Information shown:

= Beginning of Section =

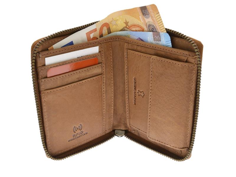 Cartera clásica con cierre de cremallera, interior con doble billetera, monedero y capacidad para 8 tarjetas.
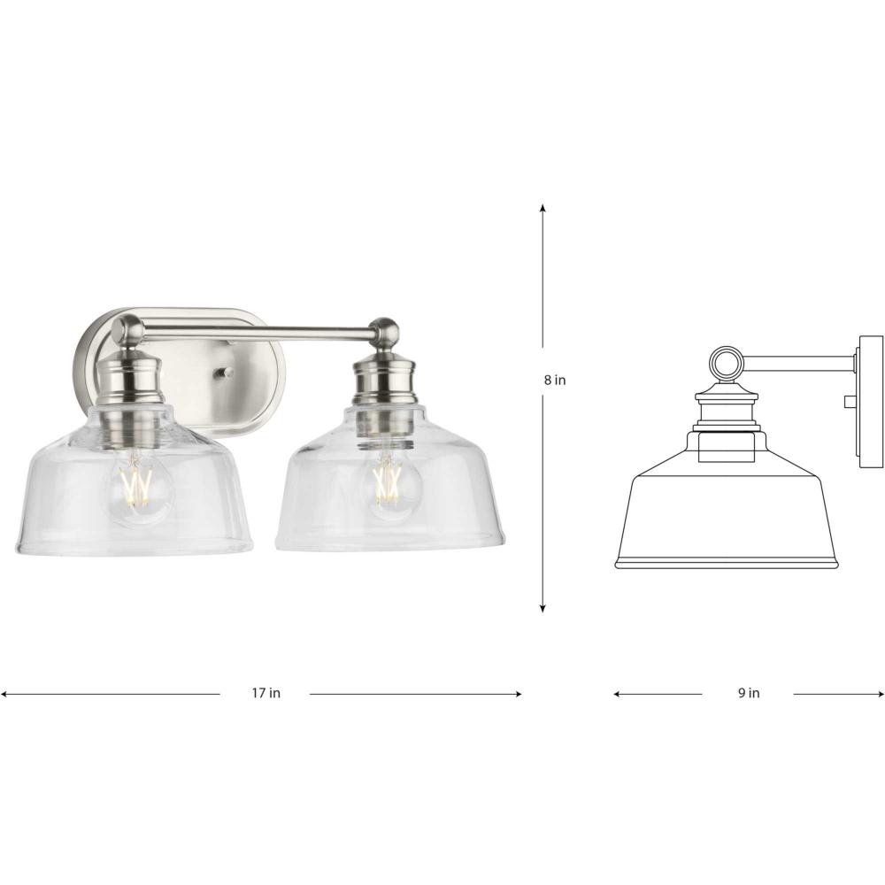 light lights lighting bath bathroom vanity fixture fixtures bath bathroom vanity above below mirror overhead up down brushed nickel silver gray grey farmhouse transitional country rustic led incandescent 60w dimmable bulbs clear glass
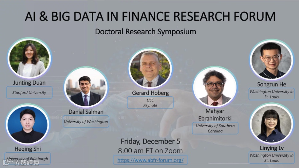由AI & Big Data in Finance Research Forum(ABFR)主办的2025年博士研究研讨会将于2025年12月5日(美国东部时间8:00 AM – 2:00 PM)在线举行。
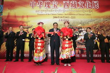 今天下午,由中国西藏文化保护与发展协会主办的《中华瑰宝·西藏文化展》在首都博物馆隆重开幕了。中央统战部副部长、中国西藏文化保护与发展协会副会长朱维群致开幕辞,全国人大常委会副委员长、中国西藏文化保护与发展协会名誉会长热地为开幕式剪彩,中国藏语系高级佛学院院长嘉木样主持开幕式,出席开幕式的领导、嘉宾还有:中国藏学研究中心总干事拉巴平措,国家文物局局长单霁翔,中国藏学研究中心副总干事、书记朱晓明,中国佛教协会西藏分会会长珠康活佛等。
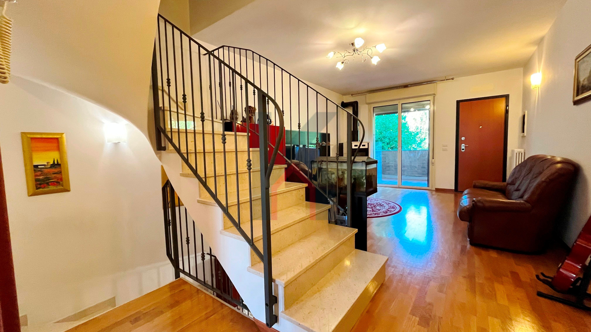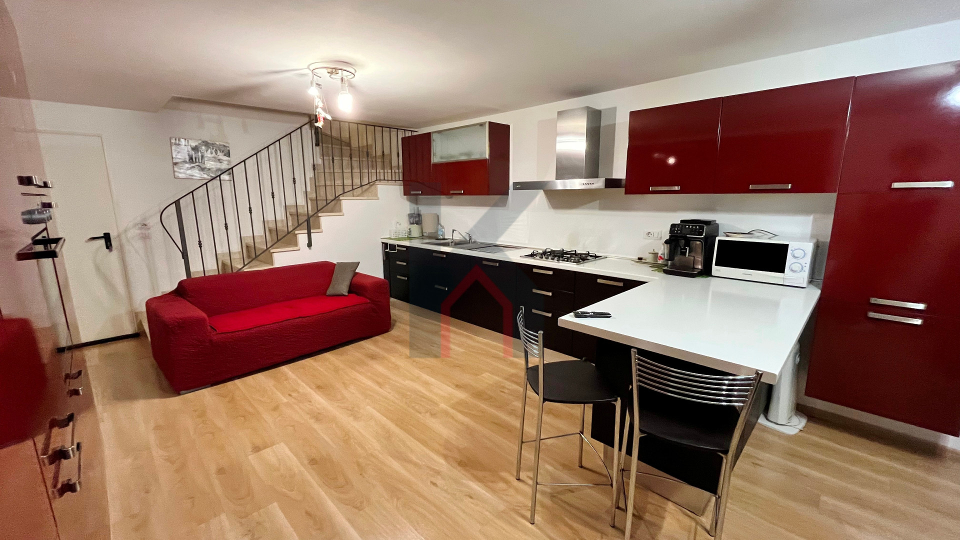 Disposta su più livelli si presenta in ottimo stato ed è composta al piano terra rialzato dal soggiorno con accesso al terrazzino abitabile, disimpegno, cucina abitabile attualmente adibita come ampia cabina armadio e con accesso al secondo terrazzo, bagno finestrato con box doccia.

= End of Section =

Assigned task: An exact copy of the whole listing is required, minus the pictures.

Result of this task:
 Cartera clásica con cierre de cremallera, interior con doble billetera, monedero y capacidad para 8 tarjetas.
 light lights lighting bath bathroom vanity fixture fixtures bath bathroom vanity above below mirror overhead up down brushed nickel silver gray grey farmhouse transitional country rustic led incandescent 60w dimmable bulbs clear glass
由AI & Big Data in Finance Research Forum(ABFR)主办的2025年博士研究研讨会将于2025年12月5日(美国东部时间8:00 AM – 2:00 PM)在线举行。
 今天下午,由中国西藏文化保护与发展协会主办的《中华瑰宝·西藏文化展》在首都博物馆隆重开幕了。中央统战部副部长、中国西藏文化保护与发展协会副会长朱维群致开幕辞,全国人大常委会副委员长、中国西藏文化保护与发展协会名誉会长热地为开幕式剪彩,中国藏语系高级佛学院院长嘉木样主持开幕式,出席开幕式的领导、嘉宾还有:中国藏学研究中心总干事拉巴平措,国家文物局局长单霁翔,中国藏学研究中心副总干事、书记朱晓明,中国佛教协会西藏分会会长珠康活佛等。
 Disposta su più livelli si presenta in ottimo stato ed è composta al piano terra rialzato dal soggiorno con accesso al terrazzino abitabile, disimpegno, cucina abitabile attualmente adibita come ampia cabina armadio e con accesso al secondo terrazzo, bagno finestrato con box doccia.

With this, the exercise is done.